Alianna is learning to walk. On September 4, she took her first steps, 2-3 at a time, between Jason and me. She did it about 10x that evening. Now we can stand her up and once she gets her balance, she’ll stand for quite a while, then take a few steps, then fall. We’re so proud of her and she’s been a trooper about it all, not really getting frustrated but willing to try it over and over again. She’s in this in between stage. Between crawling and walking. Between baby and toddler.
We’ve been in between homes for 7 months now. It’s getting old. Really old. I feel like a jerk for even complaining because I know the new house is going to be a great blessing and worth the wait. In addition, we’ve really got a great situation here living with my parents who help with Ali and cooking and charge us less rent than we’d be getting anywhere near here. But I’m really ready to be in our own home again, you know? I look at pictures of our old house and I miss it. I miss the feeling of coming home. I go inside our new house in the midst of construction and I’m excited…and impatient. I feel stuck in between.
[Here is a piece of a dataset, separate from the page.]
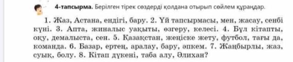 1.Ендігі жазда мен Астанаға барамын.2.Үй тапсырмасын мен сенбі күні істимін.3.Жиналыс уақыты келесі аптаға өзгерді.4.Сен бұл кітапты демалыста оқисын.5.Қазақстан фудбол командасы тағыда жеңіске жетті.6.Әпкем екеміз ертен базарды аралауға барамыз.7.Жазда жаңбыр жапқанда дала суық болады.8.Кітап дүкенін таптыңба Әлихан?

Separation. It’s the step in between married and divorced. Jason and I have some friends who are separated right now after 10 years of marriage. It’s painful to see them hurting, even nauseating at times. I feel so helpless. We’re brokenhearted for them and want so badly to see them come back together. All we know to do is to pray and to be available as friends when they need to talk. I think separation is stupid; it’s one foot into divorce and it’s really hard to move backward. The space in between them is killing their marriage.
I’m beginning to despise the in between.